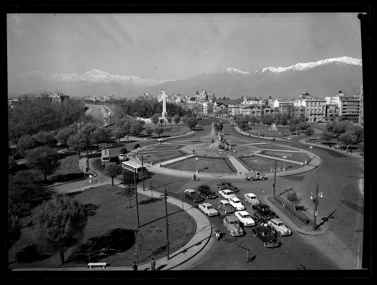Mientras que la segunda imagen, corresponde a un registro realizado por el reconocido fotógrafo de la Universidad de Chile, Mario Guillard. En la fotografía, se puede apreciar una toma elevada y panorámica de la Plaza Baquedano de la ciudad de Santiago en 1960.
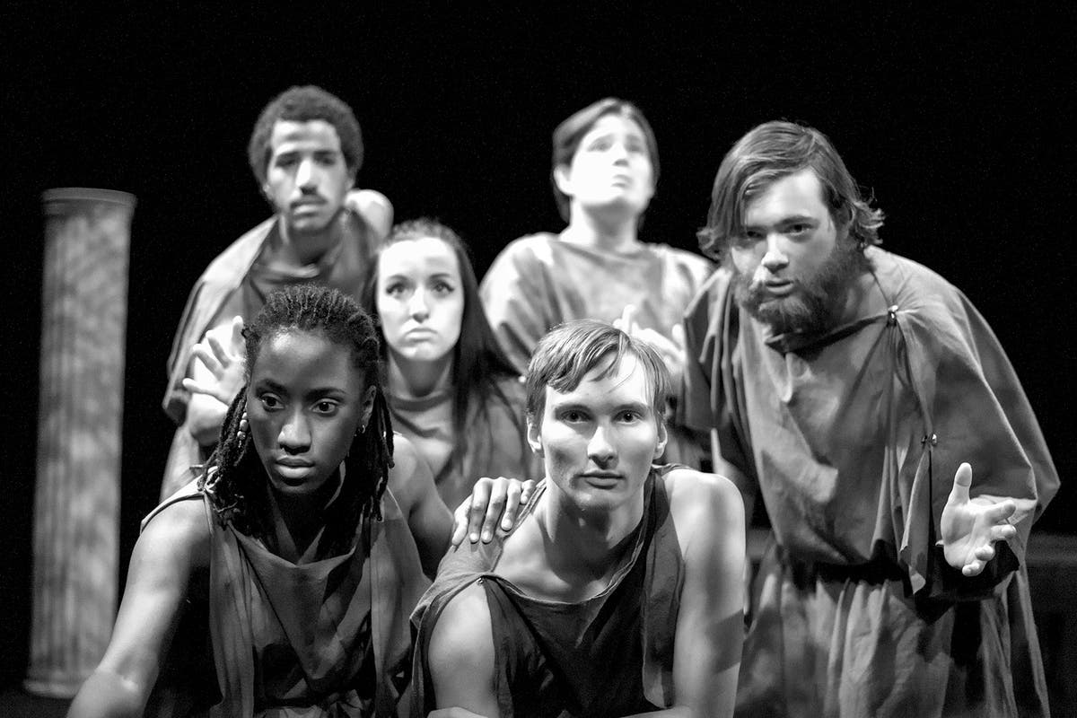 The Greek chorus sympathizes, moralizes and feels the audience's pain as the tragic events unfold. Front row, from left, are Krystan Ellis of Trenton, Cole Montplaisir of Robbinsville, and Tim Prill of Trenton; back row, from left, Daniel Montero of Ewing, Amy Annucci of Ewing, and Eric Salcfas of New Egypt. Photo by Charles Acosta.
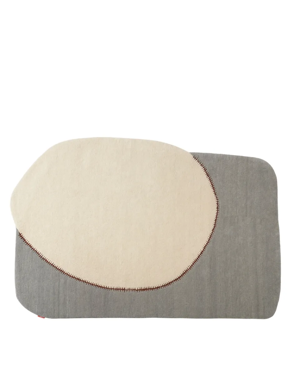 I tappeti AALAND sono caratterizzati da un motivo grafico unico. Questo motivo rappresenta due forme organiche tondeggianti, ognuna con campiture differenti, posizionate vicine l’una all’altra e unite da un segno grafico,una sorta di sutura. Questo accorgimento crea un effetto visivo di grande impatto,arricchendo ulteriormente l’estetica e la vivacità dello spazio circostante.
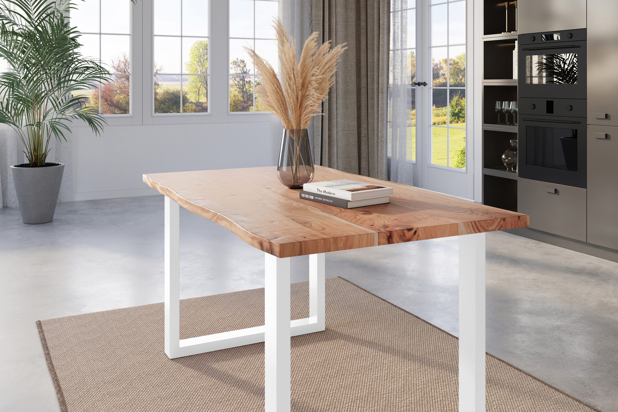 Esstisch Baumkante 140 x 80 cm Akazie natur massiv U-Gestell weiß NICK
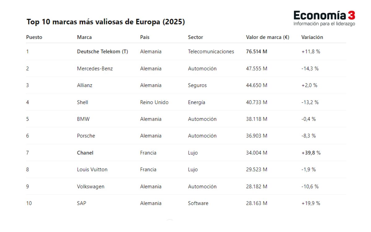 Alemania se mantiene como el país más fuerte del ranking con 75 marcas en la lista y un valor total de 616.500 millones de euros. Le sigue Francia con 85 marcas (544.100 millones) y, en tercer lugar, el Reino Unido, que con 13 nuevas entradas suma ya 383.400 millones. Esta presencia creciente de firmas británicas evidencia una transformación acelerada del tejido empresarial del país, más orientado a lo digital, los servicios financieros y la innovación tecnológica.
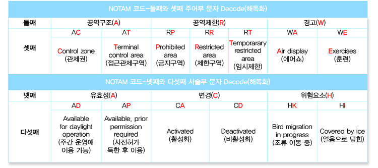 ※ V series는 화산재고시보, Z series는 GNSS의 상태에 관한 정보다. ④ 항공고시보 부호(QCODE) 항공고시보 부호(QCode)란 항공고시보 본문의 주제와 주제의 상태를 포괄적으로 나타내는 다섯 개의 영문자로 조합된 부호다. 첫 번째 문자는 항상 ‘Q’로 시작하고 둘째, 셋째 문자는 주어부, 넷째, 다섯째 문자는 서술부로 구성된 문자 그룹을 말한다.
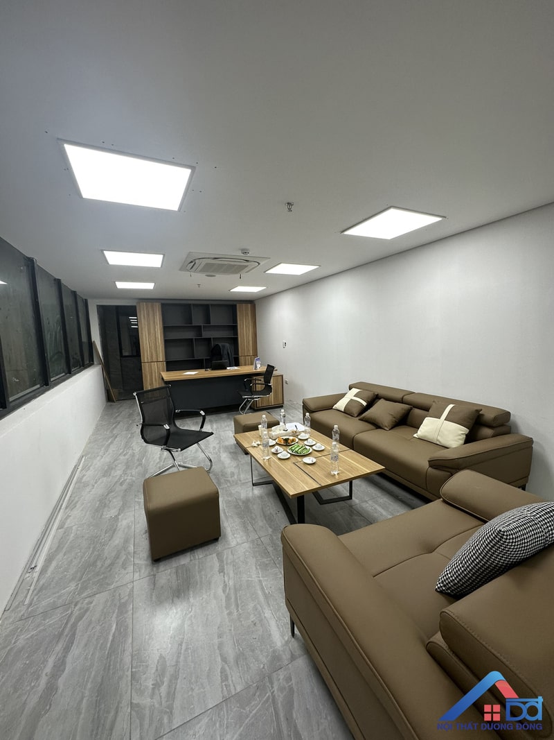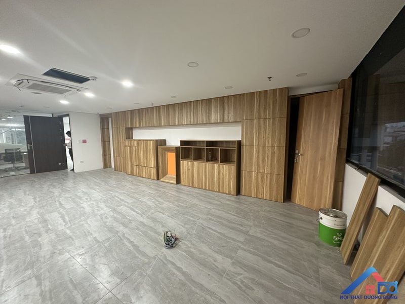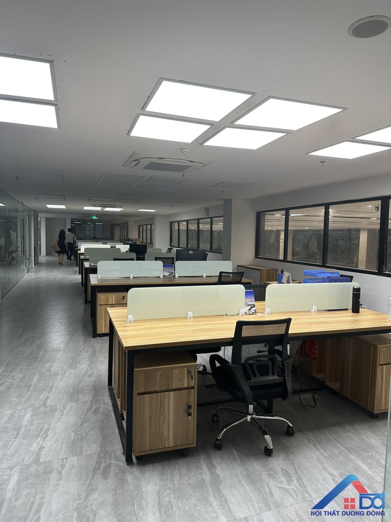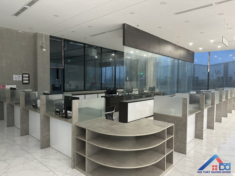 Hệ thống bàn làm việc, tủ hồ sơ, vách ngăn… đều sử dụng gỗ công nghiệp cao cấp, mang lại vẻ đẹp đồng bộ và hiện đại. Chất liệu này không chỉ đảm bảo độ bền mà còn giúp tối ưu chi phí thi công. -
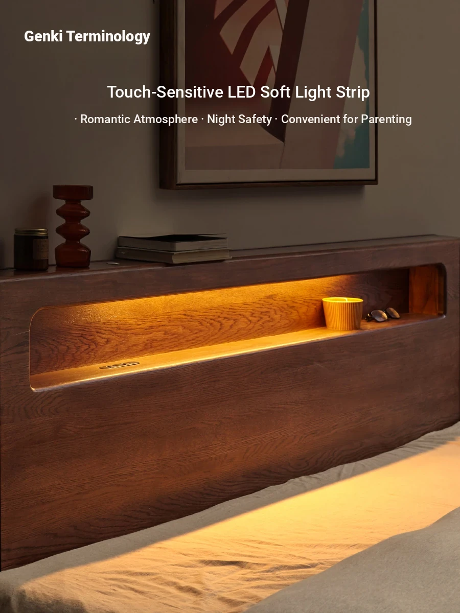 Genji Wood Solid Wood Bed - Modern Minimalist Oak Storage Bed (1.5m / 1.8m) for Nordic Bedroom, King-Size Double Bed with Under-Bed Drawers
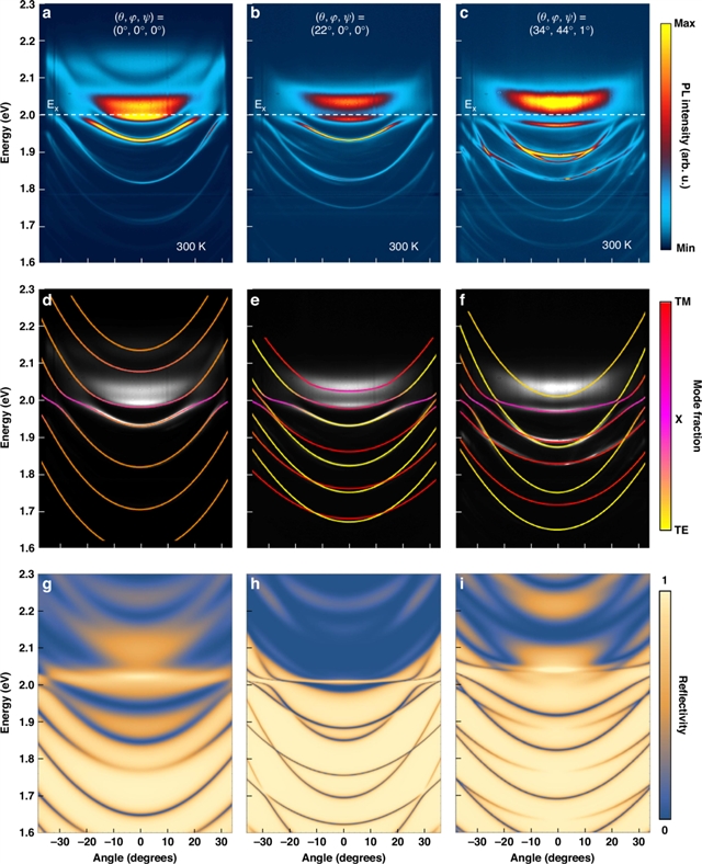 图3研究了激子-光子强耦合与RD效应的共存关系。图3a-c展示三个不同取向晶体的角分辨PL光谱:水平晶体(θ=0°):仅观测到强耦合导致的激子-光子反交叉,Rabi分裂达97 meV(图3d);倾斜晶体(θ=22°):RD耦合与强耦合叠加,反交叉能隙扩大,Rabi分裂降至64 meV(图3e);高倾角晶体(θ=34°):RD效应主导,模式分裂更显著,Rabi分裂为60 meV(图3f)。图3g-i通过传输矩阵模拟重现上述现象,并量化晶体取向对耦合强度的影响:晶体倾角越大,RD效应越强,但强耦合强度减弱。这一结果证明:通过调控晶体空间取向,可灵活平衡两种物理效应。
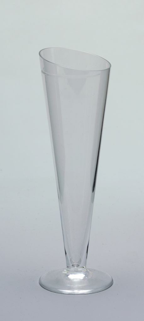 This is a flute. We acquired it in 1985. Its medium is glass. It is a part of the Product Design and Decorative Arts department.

:::

→ To do
Nothing but the lines from the one with "The Greek chorus" up to and including the one with "Esstisch Baumkante 140" should be printed, exactly as they read above. Please keep the pictures out.

→ Answer for the task
 The Greek chorus sympathizes, moralizes and feels the audience's pain as the tragic events unfold. Front row, from left, are Krystan Ellis of Trenton, Cole Montplaisir of Robbinsville, and Tim Prill of Trenton; back row, from left, Daniel Montero of Ewing, Amy Annucci of Ewing, and Eric Salcfas of New Egypt. Photo by Charles Acosta.
 I tappeti AALAND sono caratterizzati da un motivo grafico unico. Questo motivo rappresenta due forme organiche tondeggianti, ognuna con campiture differenti, posizionate vicine l’una all’altra e unite da un segno grafico,una sorta di sutura. Questo accorgimento crea un effetto visivo di grande impatto,arricchendo ulteriormente l’estetica e la vivacità dello spazio circostante.
 Esstisch Baumkante 140 x 80 cm Akazie natur massiv U-Gestell weiß NICK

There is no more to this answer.